Open reece opened 3 years ago
This issue is stale because it has been open 30 days with no activity. Remove stale label or comment or this will be closed in 7 days.
This issue was closed because it has been stalled for 7 days with no activity.
This issue is stale because it has been open 90 days with no activity. Remove stale label or comment or this will be closed in 7 days.
SeqRepo is capable of >1500 queries/second single-threaded with local data. At this rate, sequence fetching is likely to be a small component of overall execution of a typical analysis pipeline.
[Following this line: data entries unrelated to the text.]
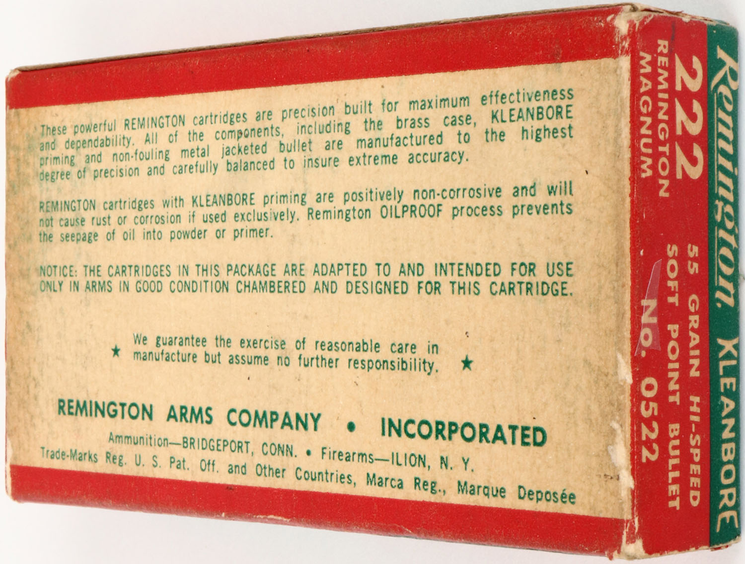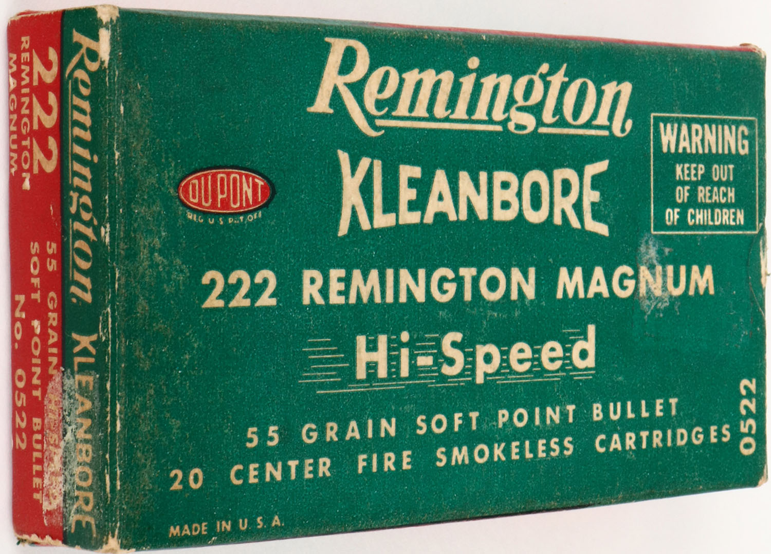 Remington, Kleanbore Hi-Speed, .222 Remington Magnum, 55 Grain Soft Point Bullet, Full, 1pc. Green red & white box, box is solid with excellent color, very minor age soiling, minor shelf & corner wear, edges are crisp, end flaps are solid, ammo is excellent. Grade: Very Good ++ - Value: 10 to 40
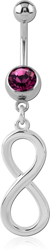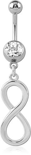 SURGICAL STEEL GRADE 316L JEWELED NAVEL BANANA WITH DANGLING CHARM - INFINITY
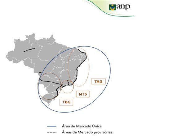 Em sua esfera geográfica, até a completa integração entre as diferentes áreas de transportes, sugere-se a segmentação do mercado conforme cada uma das áreas de capacidades de transporte, uma vez que a sua contratação (no formato de entrada e saída) é necessária para a atuação do agente em cada mercado, conforme assim delimitado pela ANP:
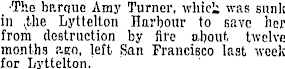 •The barque Amy Turner, whicU was sunk in v the Lyttelton Harbour to save her from destruction by fire about, twelve months p.eo, left San Francisco last week for Lyttelton.
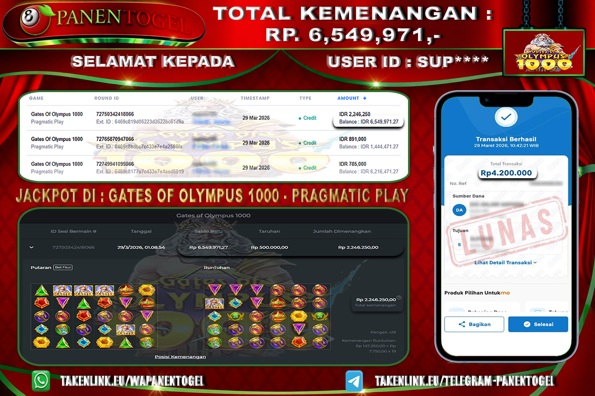 BUKTI KEMENANGAN SLOT PANENTOGEL Rp. 6.549.971, - LUNAS

Optimizing significantly beyond current performance requires loading sequences in memory. However, it's not generally feasible or useful to prefetch all sequences. Current human databases are ~12GB compressed. Prefetching selected sequences on first access could be very beneficial for certain access patterns.
Prefetching might work as follows. The client would be instantiated with a prefetch cache size, which would control the number of sequences in the prefetch cache. The default is 0 (no prefetch).
When a client requests a slice of a sequence, the entire sequence would be read speculatively, anticipating that the next queries might be on the same sequence (e.g., on a single chromosome). Subsequent sequence lookups would be entirely in-memory.
The cache would operate in a typical LRU sense, automatically flushing the sequence least recently accessed if the cache size has reached its target size.
Importantly, prefetching can degrade performance if accesses are not suitably ordered.